Prompt. Exactly as written, print the lines from the top of the listing through the line containing "和泉短期大学学長賞は、課外活"; include no pictures.

Provided data.
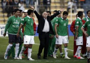 El seleccionador de Bolivia, Xavier Azkargorta (C), saluda a los aficionados junto a sus jugadores tras el partido de clasificación para el Mundial de 2014 contra Uruguay en La Paz
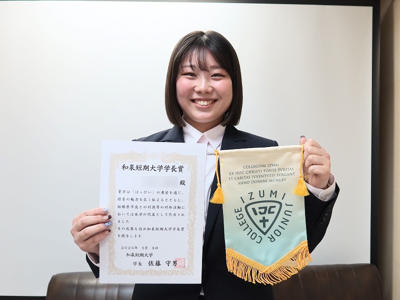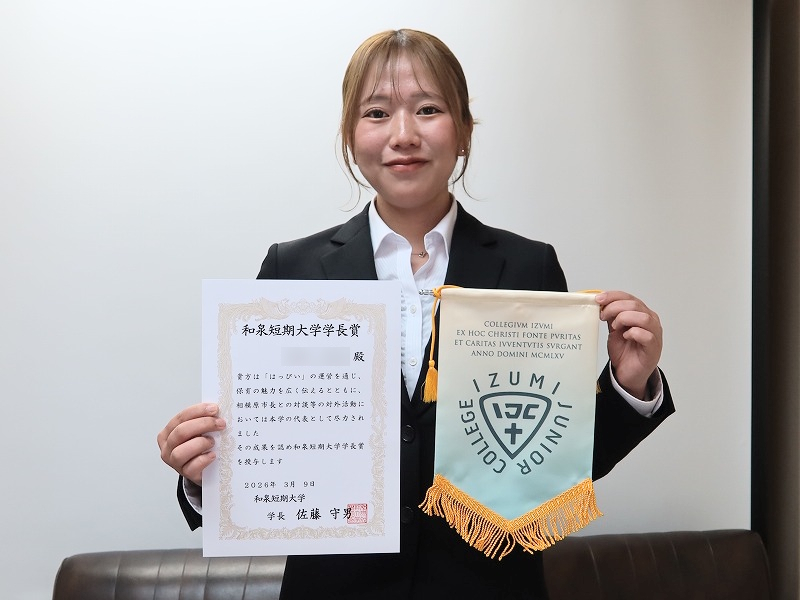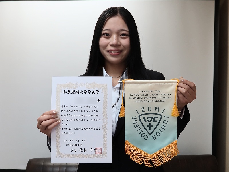 和泉短期大学学長賞は、課外活動で優秀な活躍をおさめ、学生生活に顕著な功績があった学生又は団体、社会活動で顕著な功績を残し、社会的に高い評価を受けた学生または団体に賞状と記念品を授与します。2025 年度後期は、水野希恵さん、小泉奈那さん、髙橋晴夏さん、ソーシャルワーク研究会、地域福祉ボランティア横地ゼミが受賞しました。
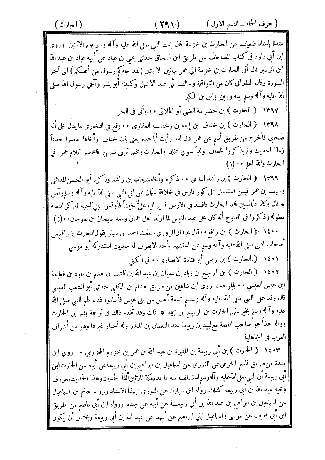 <291> منده بإسناد ضعيف عن الحارث بن خزمة قال بعث النبي صلى الله عليه وسلم يوم الإثنين وروى بن أبي داود في كتاب المصاحف من طريق بن إسحاق حدثني يحيى بن عباد عن أبيه عباد بن عبد الله بن الزبير قال أتى الحارث بن خزمة إلى عمر بهاتين الآيتين لقد جاءكم رسول من أنفسكم إلى آخر السورة وقال الطبراني كان من القواقلة وحالف بني عبد الأشهل وكنيته أبو بشر وآخى رسول الله صلى الله عليه وسلم بينه وبين إياس بن البكير الحارث بن خضرامة الضبي أو الهلالي يأتي في الحر الحارث بن خفاف بن إيماء بن رحضة الغفاري وقع في البخاري ما يدل على أنه صحابي فأخرج من طريق أسلم عن عمر قال لقد رأيت أبا هذه يعني بنت خفاف وأخوها حاصرا حصنا زمانا الحديث ولم يذكروا لخفاف ولدا سوى مخلد والحارث ومخلد تابعي شهير فانحصر كلام عمر في الحارث والله أعلم الحارث بن راشد الناجي ذكره وأخاه منجاب بن راشد أبو الحسن المدائني وسيف بن عمر فيمن استعمل على كور فارس في خلافة عثمان ممن لقي النبي صلى الله عليه وسلم وآمن به قال وكانا عثمانيين فأما الحارث فأفسد في الأرض فسير إليه علي جيشا فأوقعوا ببني ناجية فذكر القصة مطولة وذكروا في الفتوح أنه كان على عبد القيس لما ارتد أهل عمان ومعه صيحان بن صوحان الحارث بن رافع قال عبدان المروزي سمعت أحمد بن سيار يقول الحارث بن رافع من أصحاب النبي صلى الله عليه وسلم ممن استشهد بأحد لا يعرف له حديث استدركه أبو موسى الحارث بن ربعي أبو قتادة الأنصاري في الكنى الحارث بن الربيع بن زياد بن سفيان بن عبد الله بن ناشب بن هدم بن عوذ بن قطيعة بن عبس العبسي بالموحدة روى بن شاهين من طريق هشام بن الكلبي حدثني أبو الشغب العبسي قال وفد على النبي صلى الله عليه وسلم تسعة أنفس من بني عبس فأسلموا فدعا لهم النبي صلى الله عليه وسلم بخير منهم الحارث بن الربيع بن زياد قلت وقد تقدم ذلك في ترجمة بشر بن الحارث ووالد هذا هو صاحب القصة مع لبيد بن ربيعة عند النعمان بن المنذر وله أخبار غيرها وهو من أشراف العرب في الجاهلية الحارث بن أبي ربيعة بن المغيرة بن عبد الله بن عمر بن مخزوم المخزومي روى بن منده من طريق قاسم الجرمي عن الثوري عن إسماعيل بن إبراهيم بن أبي ربيعة عن أبيه عن الحارث بن أبي ربيعة أن النبي صلى الله عليه وسلم استسلف منه لما قدم مكة ثلاثين ألفا الحديث وهذا الحديث معروف بأخيه عبد الله بن أبي ربيعة كذلك رواه بن المبارك عن الثوري بهذا الإسناد ورواه حاتم بن إسماعيل عن إسماعيل بن إبراهيم بن عبد الله بن أبي ربيعة عن أبيه عن جده ورواه بن أبي عاصم من طريق بن أبي فديك عن موسى وإسماعيل ابني إبراهيم عن أبيهما عن عبد الله بن أبي ربيعة ويحتمل أن يكون §
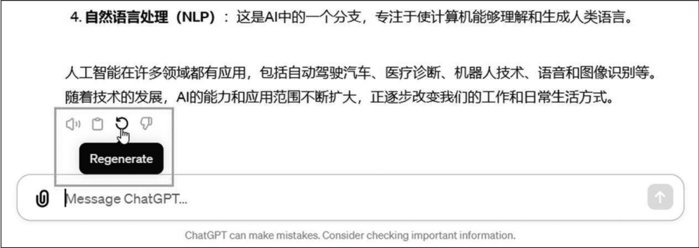 步骤03 管理回答。将鼠标指针移至答案界面附近,会在答案下方出现4个操作按钮,依次是Read Aloud(朗读)、Copy(复制)、Regenerate(重新生成)、Bad Response(错误回复),单击相对应的按钮,便会立刻执行这些操作,如图1.14所示。
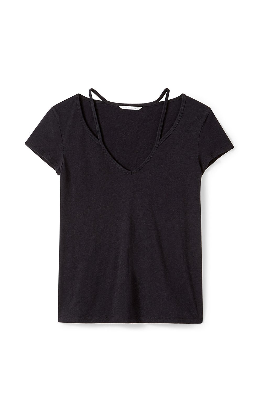 Put on a deep cut. Our Lonnie is a statement top masquerading as a basic tee. Her low v-neckline is spiced up with a little missing material that seems to say, “I see right through you.”

Reply.
 El seleccionador de Bolivia, Xavier Azkargorta (C), saluda a los aficionados junto a sus jugadores tras el partido de clasificación para el Mundial de 2014 contra Uruguay en La Paz
 和泉短期大学学長賞は、課外活動で優秀な活躍をおさめ、学生生活に顕著な功績があった学生又は団体、社会活動で顕著な功績を残し、社会的に高い評価を受けた学生または団体に賞状と記念品を授与します。2025 年度後期は、水野希恵さん、小泉奈那さん、髙橋晴夏さん、ソーシャルワーク研究会、地域福祉ボランティア横地ゼミが受賞しました。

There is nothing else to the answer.